Converted Shares Clause Samples

The "Converted Shares" clause defines how shares originally issued as preferred stock are treated once they are converted into common stock, typically following a triggering event such as an IPO or acquisition. This clause specifies the rights, privileges, and restrictions that apply to the converted shares, ensuring that holders of former preferred shares understand their new status and any changes in voting rights, dividends, or transferability. Its core function is to provide clarity and consistency regarding the treatment of shares post-conversion, preventing disputes and ensuring all parties are aware of their rights after conversion.

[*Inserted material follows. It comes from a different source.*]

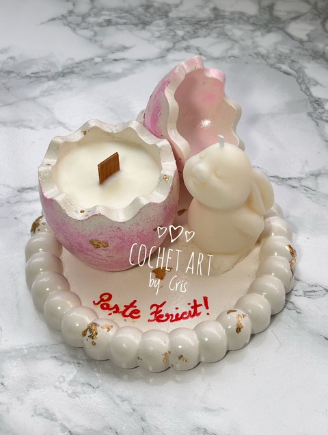Set Paste cu tavita din ceramica, ou cu ceara de soia si iepuras lumanare

Converted Shares. “Converted Shares” is defined in Section 1.1(a) of the Agreement.
Converted Shares. The shares of Common Stock issued upon conversion ---------------- will be recorded on the books of the Corporation as of the Conversion Date in the name of the Holder or its nominee, and will rank pari passu with the issued and fully paid shares of Common Stock of the Corporation outstanding on the Conversion Date, and the Holder will accordingly be entitled to any dividends or other distributions declared, made, or paid on the Common Stock on or after such Conversion Date. The Conversion Shares may not be transferred or sold except pursuant to a transaction registered under the Securities Act of 1933, as amended (the "Securities Act") or pursuant to an exemption therefrom. The share --------------- certificate representing the Conversion Shares shall bear a restrictive legend concerning such restrictions on transfer.
Converted Shares. After the Conversion Date with respect to any shares of ESOP Shares, such shares shall no longer be deemed to be outstanding and all rights with respect to such shares, including but not limited to the rights, if any, to receive notices or distributions and to vote, shall immediately cease and terminate on the Conversion Date, except only the right of the holders thereof to receive shares of Common Stock (and cash in lieu of fractional shares) in exchange therefor.
Converted Shares. Any shares of Preferred Stock which are converted pursuant to this Section 4B.5 will be canceled and will not be reissued, sold or transferred.
Converted Shares. Any Shares which are converted into Common Stock under this Section 5 will be canceled, and such Shares may thereafter be reissued as a part of a new series of Preferred Stock of the Corporation to be created by resolution or resolutions of the Board of Directors of the Corporation.
Converted Shares. After the Conversion Date with respect to any shares of Convertible Participating Preferred Stock, such shares shall no longer be deemed to be outstanding and all rights with 10 respect to such shares, including but not limited to the rights, if any, to receive notices or distributions and to vote, shall immediately cease and terminate on the Conversion Date, except only the right of the holders thereof to receive shares of Common Stock (and cash in lieu of fractional shares) in exchange therefor.
Converted Shares. The shares of Teletrac Common Stock, Teletrac Options and Teletrac Warrants that are cancelled and/or converted into the right to receive the Merger Consideration shall be collectively referred to herein as the "CONVERTED SHARES."
Converted Shares. In the event the Lender elects to converts their loan to shares, then these shares will carry “piggy back registration rights”. Payout from Receivables – if the Company does not make the repayment on or before __________________, 2011, it will grant a specific charge against receivables as described in Security below.
Converted Shares. The Sponsor shall have acquired the Converted Shares through conversion pursuant to Section 1.04 of this Agreement. The Sponsor shall transfer the Converted Shares to Joyous JD Limited on or immediately prior to the Closing Date.
Converted Shares. Shares of Series A Convertible Preferred Stock that have been converted shall be cancelled and shall not be reissued.